Mary Elise Porter, 33, adored San Diego so much that she decided to move from the South with her husband in November 2020. Formerly a travel nurse, she secured a permanent nursing position at Sharp Grossmont Hospital, and was overjoyed to learn several weeks later that she was pregnant.
Nineteen weeks into her pregnancy, however, a doctor’s appointment revealed unexpected complications. “I was delighted to hear that I was going to have a son,” she says. “But my doctor found that I was already dilating. I was shocked, as I hadn’t been in pain, other than having a slight backache.”
Troubling news, early in her pregnancy
Mary Elise learned she had a short cervix and a condition called cervical insufficiency, which is when the cervix opens too early during pregnancy. The condition can be serious, leading to premature birth or miscarriage.
At the appointment, Mary Elise also discovered she had hypertension — also known as high blood pressure — which can cause pregnancy complications such as preeclampsia. This condition can lead to dangerous outcomes, such as seizures or death.
In the U.S., the rate of hypertension in pregnancy has been on the rise. Today, 1 in 12 pregnant women between ages 20 and 44 have high blood pressure. As a Black woman, Mary Elise is not alone: Black women have a higher risk of developing hypertension during pregnancy.
To help secure her son in the womb, Mary Elise received a cerclage, a procedure that places a stitch around the cervix to close it until the baby is born. Mary Elise was then put on bed rest, and only allowed to visit the doctor’s office weekly to make sure everything was OK.
However, during a checkup in her 23rd week of pregnancy, Mary Elise experienced preterm labor, which led her to be admitted into the Perinatal Special Care Unit (PSCU) at Sharp Mary Birch Hospital for Women & Newborns. She was hospitalized in the unit for 11 weeks.
“It hadn’t been long since my husband and I moved to San Diego, and my friends and family couldn’t easily travel from the South due to the pandemic,” she says. “So, there were times I was lonely.”
Care providers become surrogate family
Away from her loved ones, Mary Elise grew close to her Sharp care team. “The nurses and OBGYNs regularly checked on me and helped me through my nausea and heartburn,” she says. “With their kindness and care, they became like family.”
“Mary Elise was a lovely patient,” Dr. Tith says. “Being a nurse, she is very knowledgeable and knew how high risk her pregnancy was. She wanted to do everything to have a great outcome for her and her baby.”
When Mary Elise reached 34 weeks and her health stabilized, she was sent home. She had her cerclage removed the following week.
Mary Elise’s water broke at 37 weeks into her pregnancy. Her son was born on New Year’s Eve and was monitored in the Neonatal Intensive Care Unit (NICU) for four days before he was ready to go home.
One more challenge to overcome
However, Mary Elise’s journey wasn’t quite over. About a week after giving birth, she was diagnosed with postpartum preeclampsia during a follow-up appointment. She was hospitalized at Sharp Mary Birch for two days to stabilize her health.

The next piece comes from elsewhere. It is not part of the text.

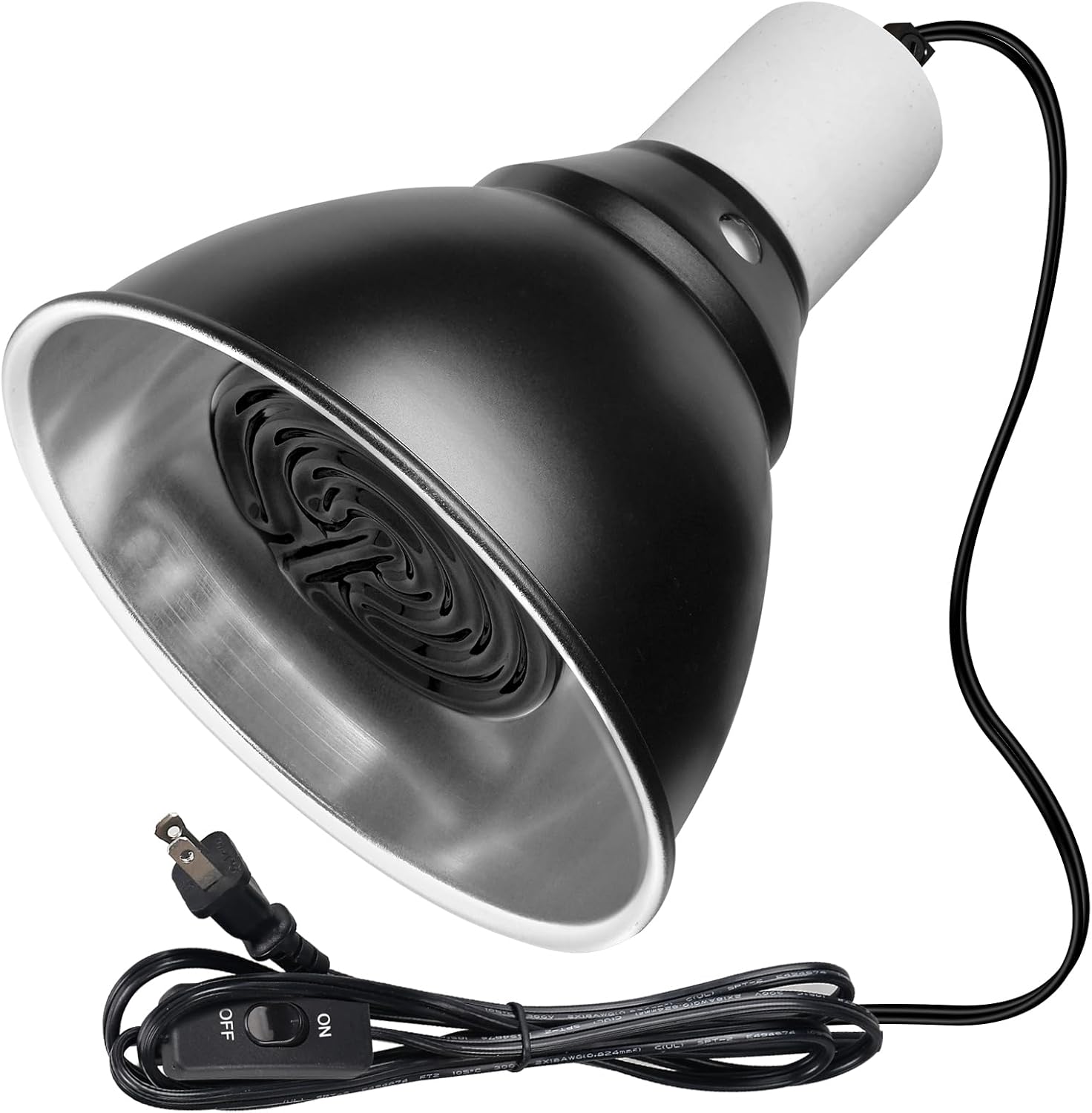 Reptile Lamp Bulb Fixture 5.5 Inch Deep Dome with Switch - Ideal for 60W/75W/100W/150W Heat Lamp Bulbs, Compatible with All E26 UVA/UVB/Basking Heat Bulbs, Supports Up to 150 Watts

“Severely elevated blood pressure could increase Mary Elise’s risk for a stroke, so it was important to admit her, treat her blood pressure and prevent seizures,” says Dr. Tith.
Today, Mary Elise is grateful that both she and her son are well, thanks to the care she received from her Sharp team. “Every nurse and doctor were so observant and attentive,” she says. “They provided me with great care and helped protect my life as well as my baby’s life.”